The summer of 1936, deep in the Great Depression, broke local heat records. Crotona Pool was one of eleven immense outdoor public pools the Parks Department opened that summer. The heroically scaled pools project was financed by the Federal Works Progress Administration (WPA), as part of a massive effort to alleviate adverse health conditions and provide safe recreation in predominantly working-class communities.

The pools were not just huge but also examples of state-of-the-art engineering and fine design. Each pool had separate swimming, diving and wading areas, perimeter bleachers, and bathhouses whose locker rooms served as gyms during non-summer months. Led by architect Aymar Embury II and landscape architect Gilmore D. Clarke, the planning team produced a series of distinct complexes, each one sensitive to its site and topography. Massive filtration systems, heating units, and even underwater lighting provided a more controlled bathing experience than the often treacherous and polluted waterways in which the City’s masses had traditionally swum. The palette of pools building materials was mainly inexpensive brick, concrete and cast stone, but the styles ranged from Romanesque Revival to Art Deco.

Crotona Pool measures 330 by 120 feet (nearly four times an Olympic-regulation facility) and was designed by architect Herbert Magoon to accommodate 4,265 bathers at a time.
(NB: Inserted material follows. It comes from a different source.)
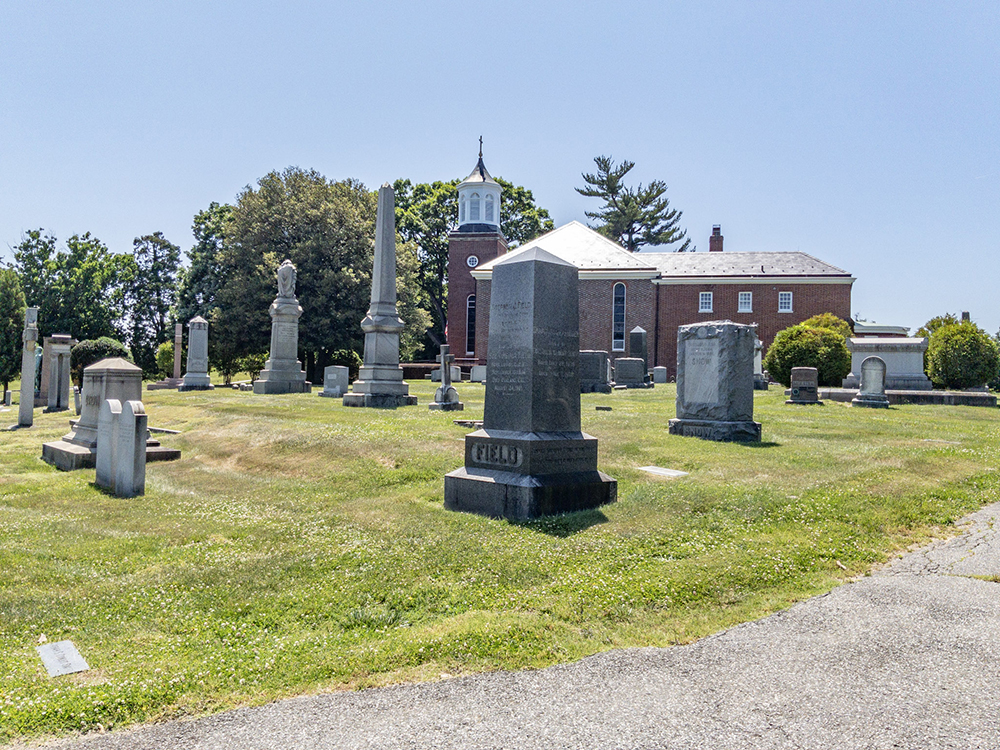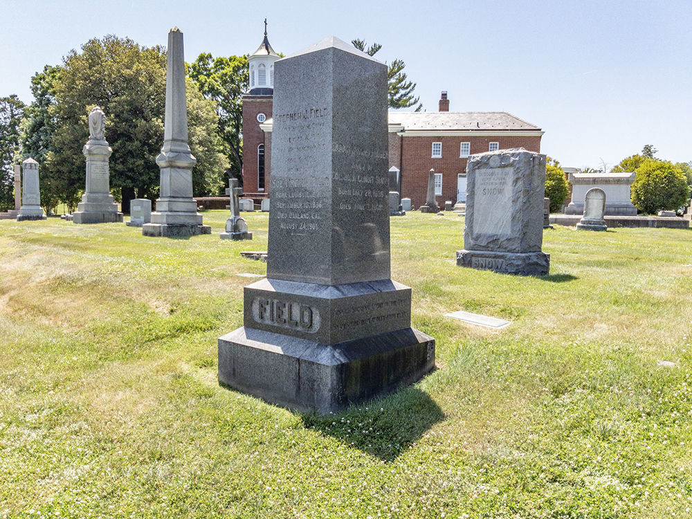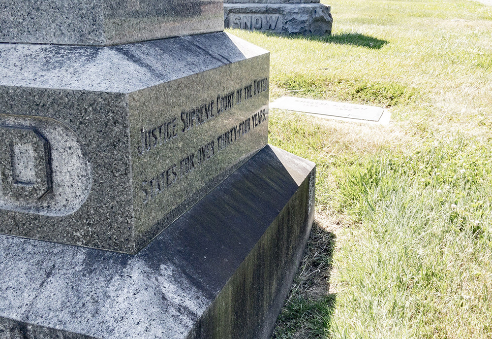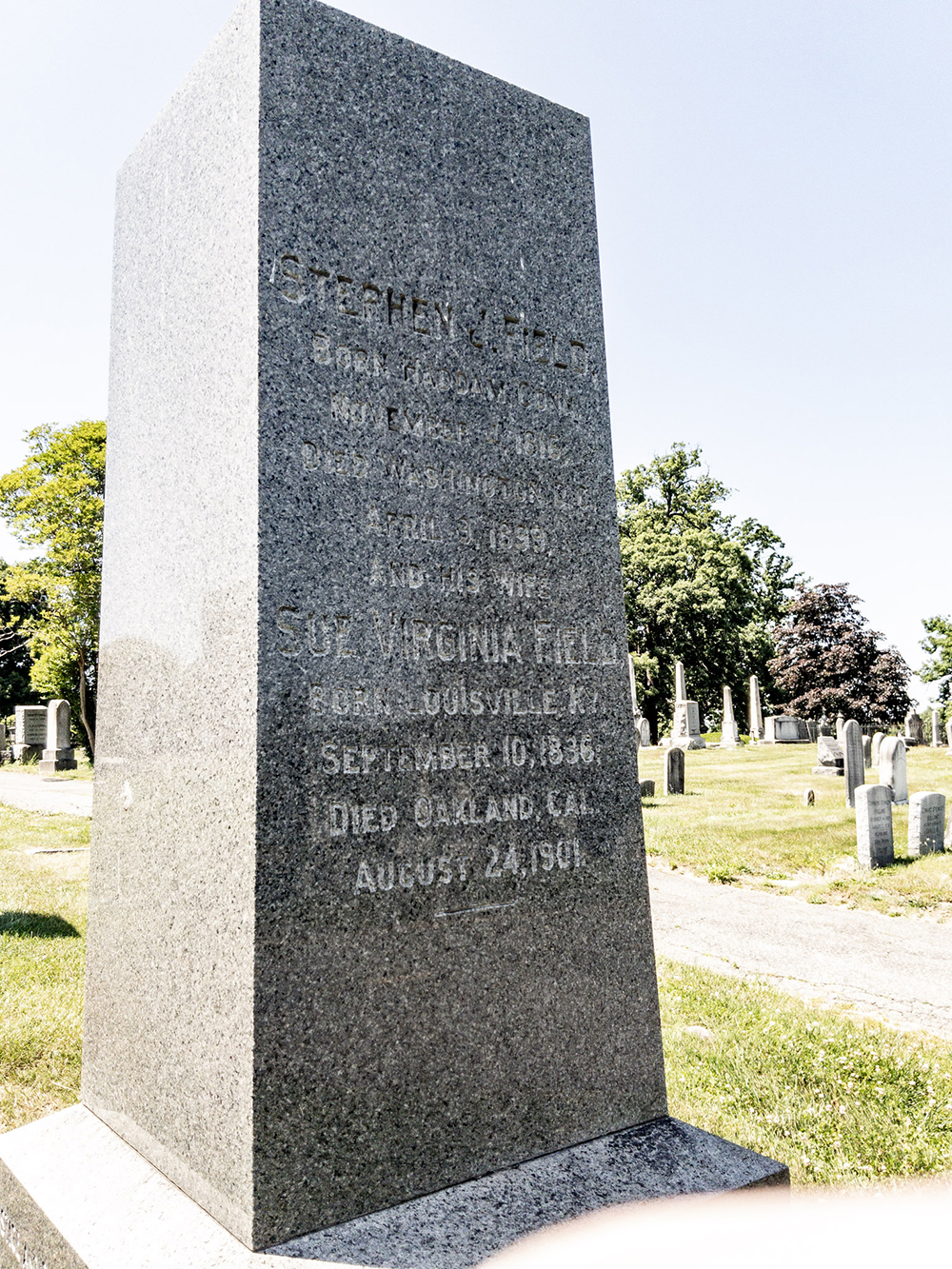 Justice Field's stone was fairly easy to find - make for the main chapel (St. Paul's Episcopal Church) and look to the right. What I missed though was that I walked right past Justice Stone's stone to get there.
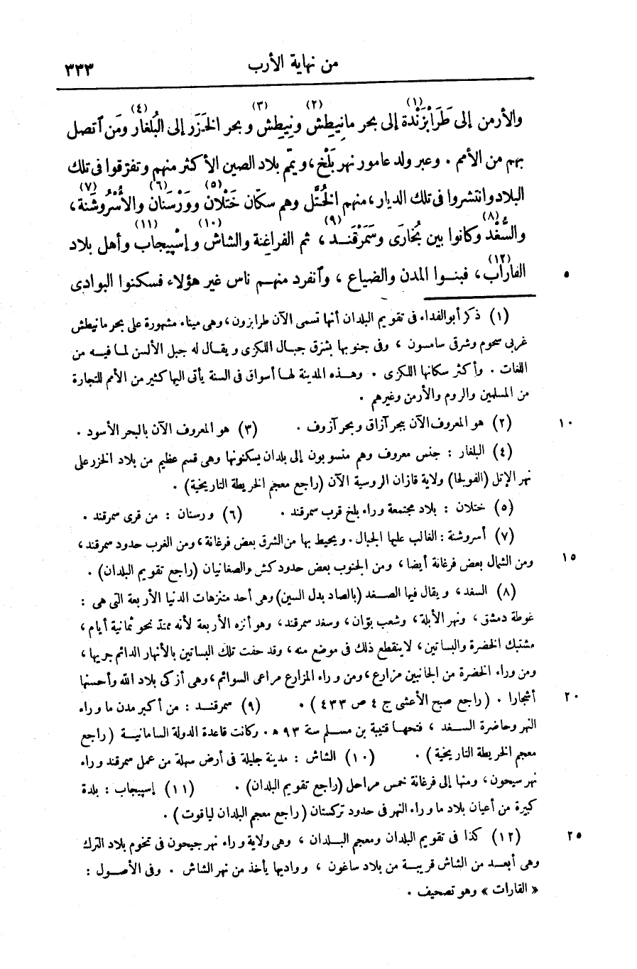 والأرمن إلى طرابزندة «1» إلى بحر مانيطش «2» ونيطش «3» وبحر الخزر إلى البلغار «4» ومن اتصل بهم من الأمم. وعبر ولد عامور نهر بلخ، ويمّم بلاد الصين الأكثر منهم وتفرّقوا فى تلك البلاد وانتشروا فى تلك الديار، منهم الختّل وهم سكّان ختلان «5» وورسنان «6» والأسروشنة «7» ، والسّغد «8» وكانوا بين بخارى وسمرقند «9» ، ثم الفراغنة والشاش «10» وإسپيجاب «11» وأهل بلاد الفاراب «12» ، فبنوا المدن والضياع، وانفرد منهم ناس غير هؤلاء فسكنوا البوادى

It opened July 24, 1936. The bathhouse features animal-themed sculptural elements (still visible today) created by Frederick George Richard Roth that exemplify WPA-funded art of the era.  In 2007 the facility was designated an official New York City landmark.

Who is this pool named for?

Like the park in which it sits, the pool’s name is derived from Croton—the ancient Greek colony famed for its Olympic athletes, a name it also shares with the oldest New York City aqueduct.